Ровным, даже скучающим тоном Пашка произнес:
– Митрий, друг мой, клиент по-хорошему не понимает. Не бросить ли нам эти бесполезные дрязги и не приступить ли к активному следствию?
– С превеликой охотой, босс… с-сука…
В комнате определенно что-то произошло. Воцарилась полная тишина. Петр решил было, что с микрофоном что-то случилось, но тут же расслышал тяжелое, напряженное дыхание, скрип отодвинутого стула, шаги.

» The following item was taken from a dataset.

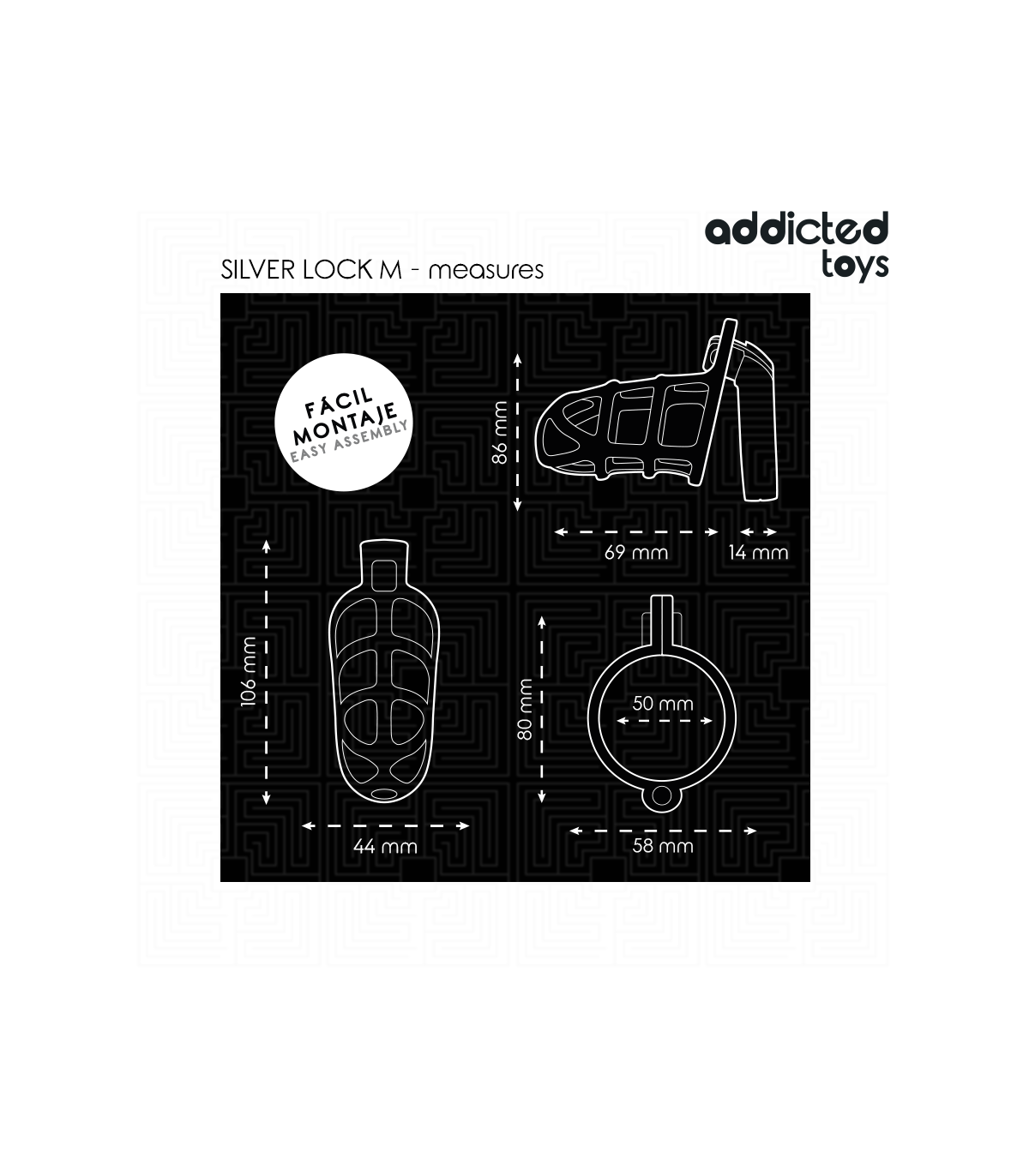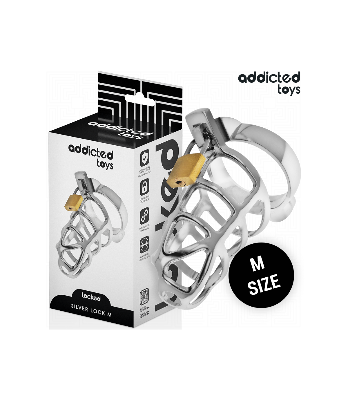 La jaula de castidad "Silver Lock" de Addicted Toys es una excelente opción para aquellos que buscan una experiencia de restricción de calidad y duradera. Fabricada en metal resistente, esta jaula proporciona un ajuste firme y seguro para los más exigentes en su experiencia de control y castidad.

– Стойте на месте, – раздался звенящий от напряжения голос Фомича. – Я с вами не шучу, подонки…
– Фомич, – с наигранной бодростью произнес Елагин, – брось дуру, Фомич, ты же с ней обращаться не умеешь, она ж у тебя и вовсе незаряженная, на предохранителе стоит… Положи волыну, может, и обойдется…
– Заряжен, Митенька, заряжен, – саркастически отозвался Фомич, – и с предохранителя снят, тут ты ошибся. И патрончик в стволе. Не скажу, что стреляю, как ковбой, да в такой клетушке по вам промахнуться будет трудно… Стойте спокойно, вы меня сами загнали в ситуацию, когда терять нечего…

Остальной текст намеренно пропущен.